In the initial stage of this project, a video-capturing setup was not available. To address this limitation, videos with different bee configurations were created using Python scripts. The TensorFlow bee_dataset was used to obtain the bee images. Background removal techniques were applied to these images, and they were used to generate videos by placing bee images. The bounding box annotations for the object detection algorithm also generate automatically.

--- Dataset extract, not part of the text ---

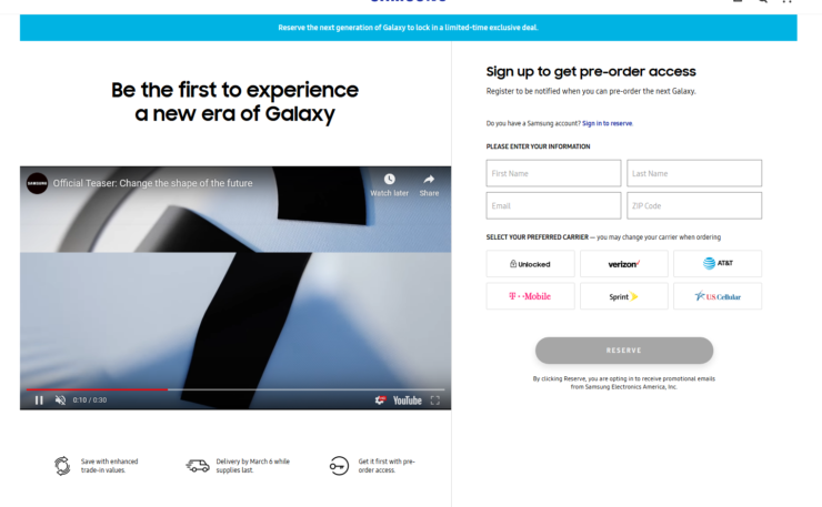 На региональных сайтах Samsung начала появляться возможность зарегистрироваться для доступа к предварительным заказам на Galaxy S20 одним из первых. Зарегистрировавшимся пользователям придёт письмо, по которому можно будет завершить оформление предварительного заказа.

The YOLOv8 object detection model was chosen and trained for identifying Poland and non-Poland bees. For efficient object tracking, the Byte-Track algorithm was used due to its excellent speed and accuracy.




GUI

Realtime Camera Processing Process Stoped
realtime camera image processing_bee_video process stop

The GUI is designed using the PySide6 Python library.

GUI App Features

  • The user can monitor bee statistics in real-time, and they can set a time limit in seconds, minutes, or hours.
    Once the time limit is reached, the process stops. Additionally, users can halt the process in the middle of capturing.

  • Users also have the ability to upload recorded videos. The app will then provide bee statistics from the uploaded video.